» **What is being asked**: An exact copy of the data is needed, one that excludes all pictures.

(Data records)
[Start of Attachment]
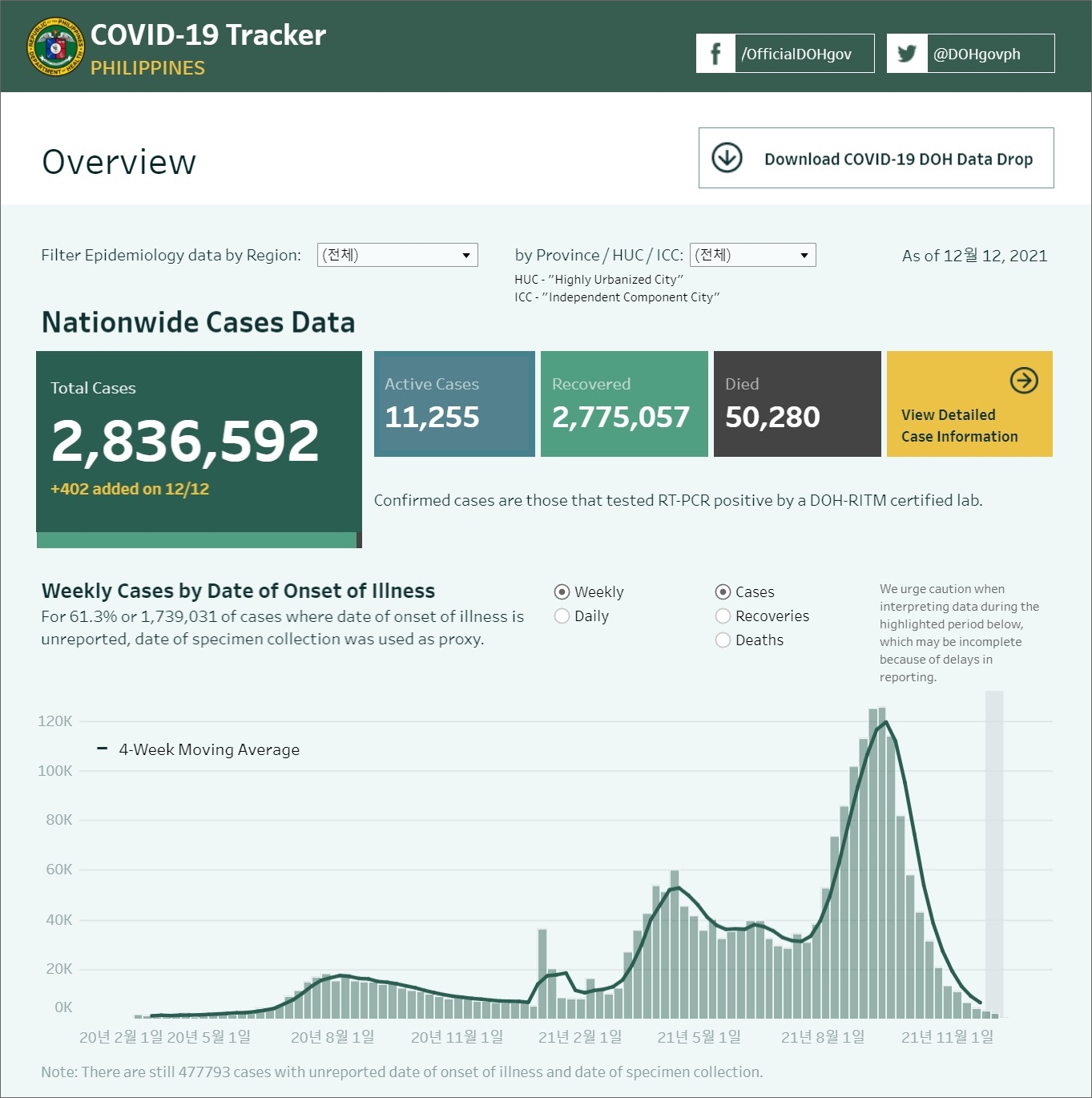 필리핀 코로나19 발생 현황 (2021년 12월 12일 현재)
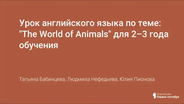 Урок английского языка по теме: "The World of Animals" для 2–3 года обучения
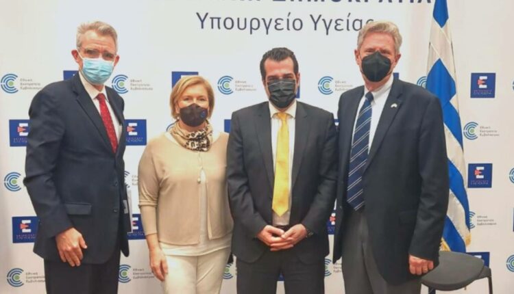 Mε τον πρέσβη των Ηνωμένων Πολιτειών Αμερικής Τζέφρι Πάιατ και αντιπροσωπεία του Κογκρέσου με τον πρόεδρο Φρανκ Παλόνε στο πλαίσιο της στενής συνεργασίας των δύο χωρών στον τομέα της Υγείας, συναντήθηκαν σήμερα στο υπουργείο Υγείας ο υπουργός Υγείας Θάνος Πλεύρης και η αναπληρώτρια υπουργός Υγείας Μίνα Γκάγκα.
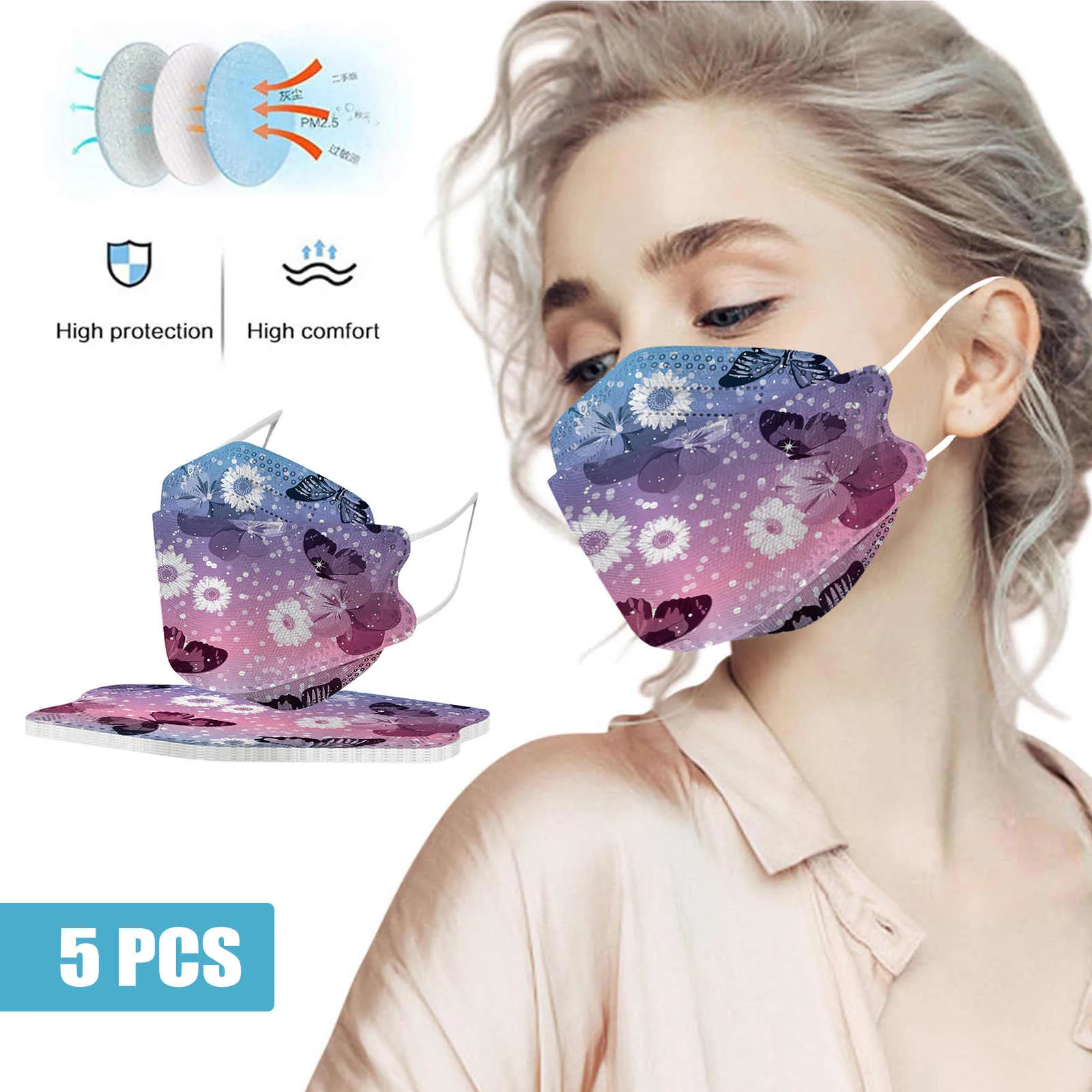 Маска для взрослых KN95 FFP2 с принтом бабочек, 5 слоев, 1-50 шт.
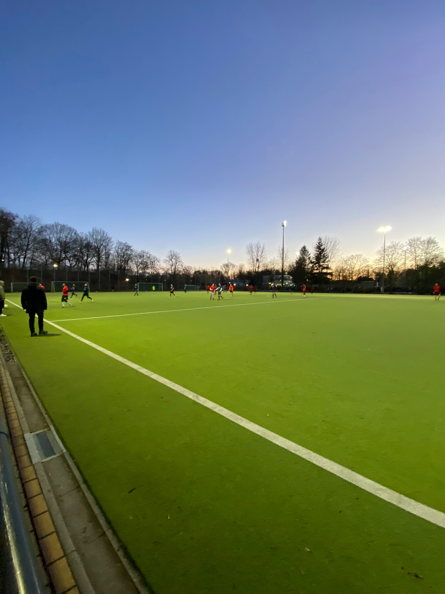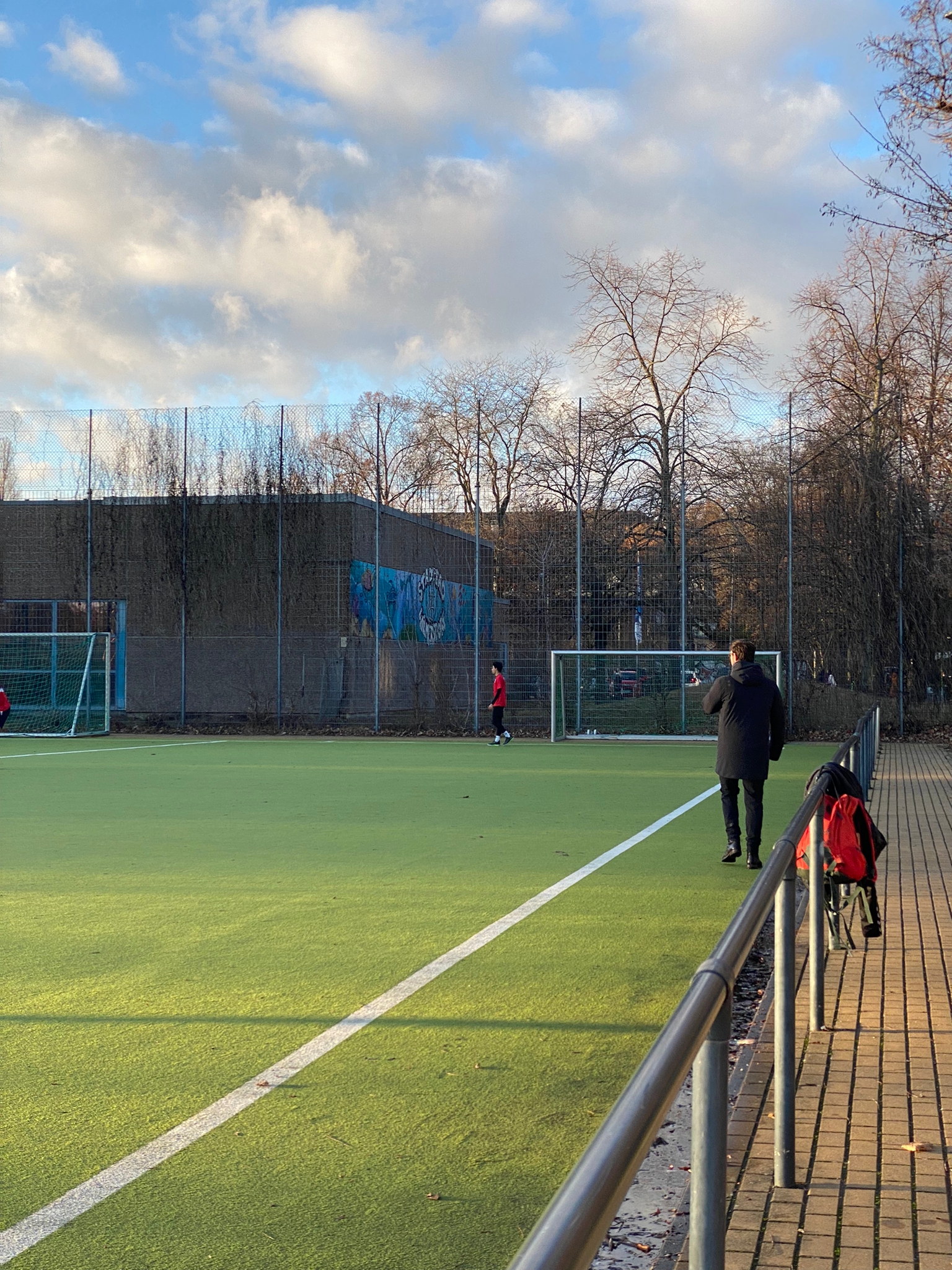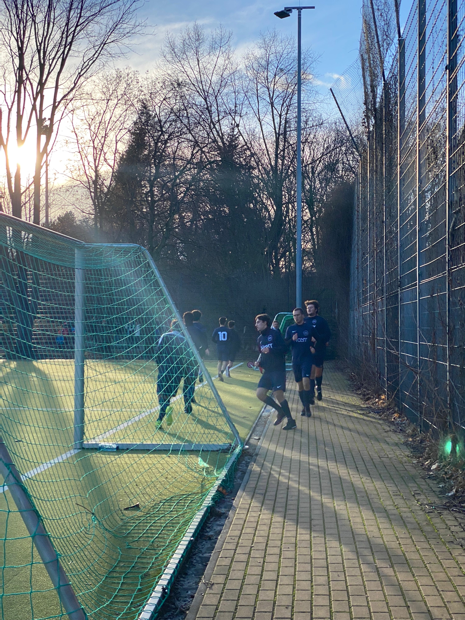 Schon am nächsten Sonntag soll an diesen Erfolg angeknüpft werden. Der Spielort ist der gleiche, nur der Platz nicht. Im goldenen Licht der untergehenden Sonne startet das Spiel. Der JFK ist in Topbesetzung, selbst auf der Bank ist genügend Talent zum Einwechseln. Neuzugang Stathis darf bei seinem Debut für die U23 direkt von Anfang an spielen. Nach circa zehn Minuten dann jedoch der Schock: Er muss raus, dafür muss Noah, eigentlich ein klassischer Stürmer, in die Außenverteidigung. Als Stathis an der Bank ankommt die Diagnose: Nicht etwa der Knöchel streikt, sondern die Lunge. Da muss das Trainerteam wohl wieder vermehrt Sprints einbauen. Die Gegner, der FC Sina, können, besonders vorne, ganz ordentlich kicken. Sie gehen mit einer Direktabnahme à la Mbappé im WM-Finale in Führung. Beirren lässt sich davon beim JFK selbstverständlich niemand, der Ausgleich folgt prompt. Kurz darauf lässt Edeltechniker Ammar einfach mal aus 30 Metern einen los: ein Traumtor zum 2:1! Die Gegner gleichen aber vor der Pause wiederum aus, es geht mit einem Unentschieden in die Pause.
[End of Attachment]
» **Answer section**:
 필리핀 코로나19 발생 현황 (2021년 12월 12일 현재)
 Урок английского языка по теме: "The World of Animals" для 2–3 года обучения
 Mε τον πρέσβη των Ηνωμένων Πολιτειών Αμερικής Τζέφρι Πάιατ και αντιπροσωπεία του Κογκρέσου με τον πρόεδρο Φρανκ Παλόνε στο πλαίσιο της στενής συνεργασίας των δύο χωρών στον τομέα της Υγείας, συναντήθηκαν σήμερα στο υπουργείο Υγείας ο υπουργός Υγείας Θάνος Πλεύρης και η αναπληρώτρια υπουργός Υγείας Μίνα Γκάγκα.
 Маска для взрослых KN95 FFP2 с принтом бабочек, 5 слоев, 1-50 шт.
 Schon am nächsten Sonntag soll an diesen Erfolg angeknüpft werden. Der Spielort ist der gleiche, nur der Platz nicht. Im goldenen Licht der untergehenden Sonne startet das Spiel. Der JFK ist in Topbesetzung, selbst auf der Bank ist genügend Talent zum Einwechseln. Neuzugang Stathis darf bei seinem Debut für die U23 direkt von Anfang an spielen. Nach circa zehn Minuten dann jedoch der Schock: Er muss raus, dafür muss Noah, eigentlich ein klassischer Stürmer, in die Außenverteidigung. Als Stathis an der Bank ankommt die Diagnose: Nicht etwa der Knöchel streikt, sondern die Lunge. Da muss das Trainerteam wohl wieder vermehrt Sprints einbauen. Die Gegner, der FC Sina, können, besonders vorne, ganz ordentlich kicken. Sie gehen mit einer Direktabnahme à la Mbappé im WM-Finale in Führung. Beirren lässt sich davon beim JFK selbstverständlich niemand, der Ausgleich folgt prompt. Kurz darauf lässt Edeltechniker Ammar einfach mal aus 30 Metern einen los: ein Traumtor zum 2:1! Die Gegner gleichen aber vor der Pause wiederum aus, es geht mit einem Unentschieden in die Pause.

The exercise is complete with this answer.